When it comes to cybercrime, one thing you should never forget is the importance of maintaining constant vigilance. Let your guard down or become lackadaisical, and you may well feel the sting of digital deception. Try to incorporate the following cybersecurity tips into your business operations.
- Practice excellent cyber hygiene. If the safety measures surrounding your website are shoddy, fraudsters will pounce. For optimal security, be sure your software and SSL certificates are updated regularly. Follow the Payment Card Industry Data Security Standard (PCI DSS). Be sure your passwords for all accounts and databases are strong. Scan your site regularly for malware. Encrypt all communications with customers and suppliers. Regularly remove inactive users and plugins.
- Ensure PCI compliance. As mentioned above, these standards are designed to protect the cardholder data you manage, store, and transmit. If you use a software as a service (SaaS) platform for your secure payment processing, the vendor should take steps to always remain in compliance.
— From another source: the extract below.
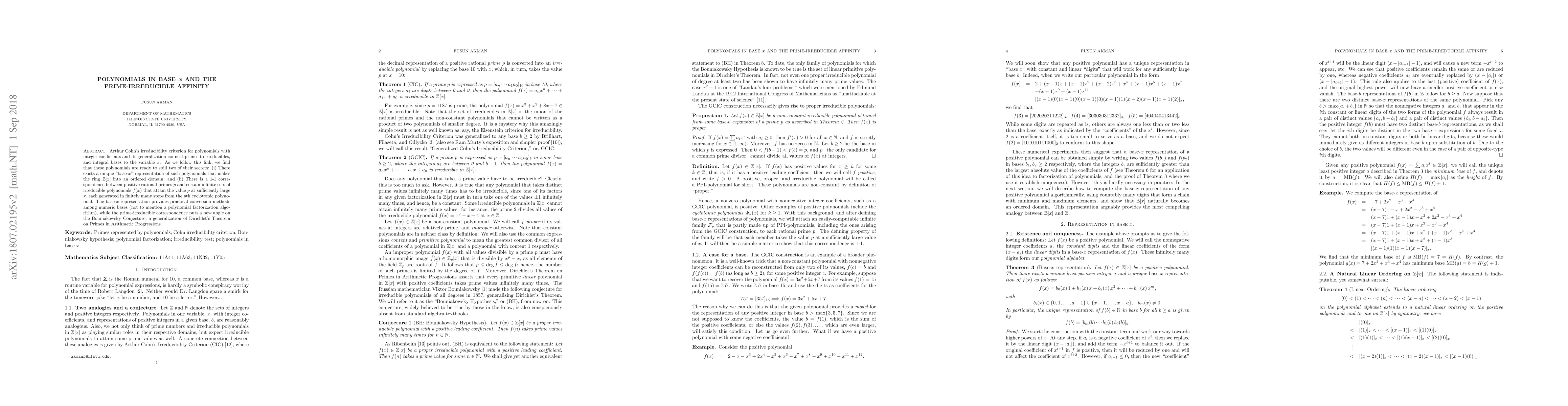 Arthur Cohn's irreducibility criterion for polynomials with integer coefficients and its generalization connect primes to irreducibles, and integral bases to the variable $x$. As we follow this link, we find that these polynomials are ready to spill two of their secrets: (i) There exists a unique "base-$x$" representation of such polynomials that makes the ring $\mathbb{Z}[x]$ into an ordered domain; and (ii) There is a 1-1 correspondence between positive rational primes $p$ and certain infinite sets of irreducible polynomials $f(x)$ that attain the value $p$ at sufficiently large $x$, each generated in finitely many steps from the $p$th cyclotomic polynomial. The base-$x$ representation provides practical conversion methods among numeric bases (not to mention a polynomial factorization algorithm), while the prime-irreducible correspondence puts a new angle on the Bouniakowsky Conjecture, a generalization of Dirichlet's Theorem on Primes in Arithmetic Progressions.

- Constantly be on the lookout for fraud. Signals that can be red flags for fraud include inconsistent billing or shipping details, unusually large orders, or the physical location of your customers in countries known for elevated instances of fraud.
- Ask your payment processing company to connect you with an Address Verification Service (AVS). This program checks the billing address that the customer has submitted, comparing it against the one that is on file with the issuing bank. If the two don’t match, the payment is either declined or the transaction is flagged for additional investigation.
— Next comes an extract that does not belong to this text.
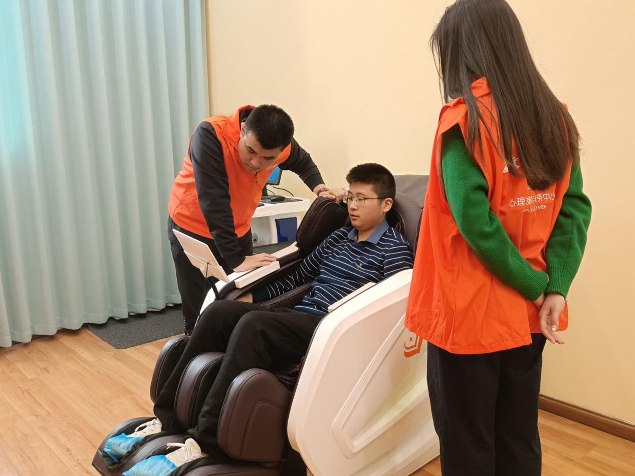 劉昕炎指導(dǎo)助理操作并體驗HRV音樂放松設(shè)備

- Require that your customers provide Card Verification Value (CVV) numbers for all purchases. Taking this step helps to ensure that the customer has the physical card in their possession when attempting to make a purchase.
- Use Hypertext Transfer Protocol Secure (HTTPS). This more secure version of the HTTP protocol encrypts all data sent from the customer’s web browser to your online store. Hackers are unable to view or steal buyers’ sensitive information once you purchase an SSL certificate and use HTTPS.
- Be a minimalist. Only collect the customer data you need and nothing more.
- Use anti-fraud software to bolster your security. You can choose different options according to your level of technical expertise, the size of your company, and your budget. Types include basic tools attached to your ecommerce shopping cart software to sniff out fraud, verify email, and physical addresses and do device fingerprinting; intermediate tools that fight chargebacks, automatically decline high-risk purchases, and provide account takeover protection; and systems for larger merchants that also provide case management, manual review of suspicious transactions, loyalty fraud management, and policy abuse protection.
- Always be sure that the credit card and IP addresses match. The customer’s IP address can be detected for any order made. This string of digits separated by periods identifies the computer that is using the internet to conduct the purchase. The IP address can give you a good idea of the country or region of the world where the transaction was initiated. If it is different from the address on the credit card, this is a fraud red flag.
- Avoid shipping your merchandise to post office boxes or freight forwarders. Fraudsters prefer these anonymous locations because it is more difficult for law enforcement to detect them.
Whenever you sell products and services to the public, you run the inevitable risk of experiencing fraud. Unfortunately, your specialty as an online vendor makes this possibility even more likely. Shielding your customers and your brand from digital criminals will help to ensure that you don’t experience anyone misrepresenting themselves until next October when a trick-or-treater knocks on your door.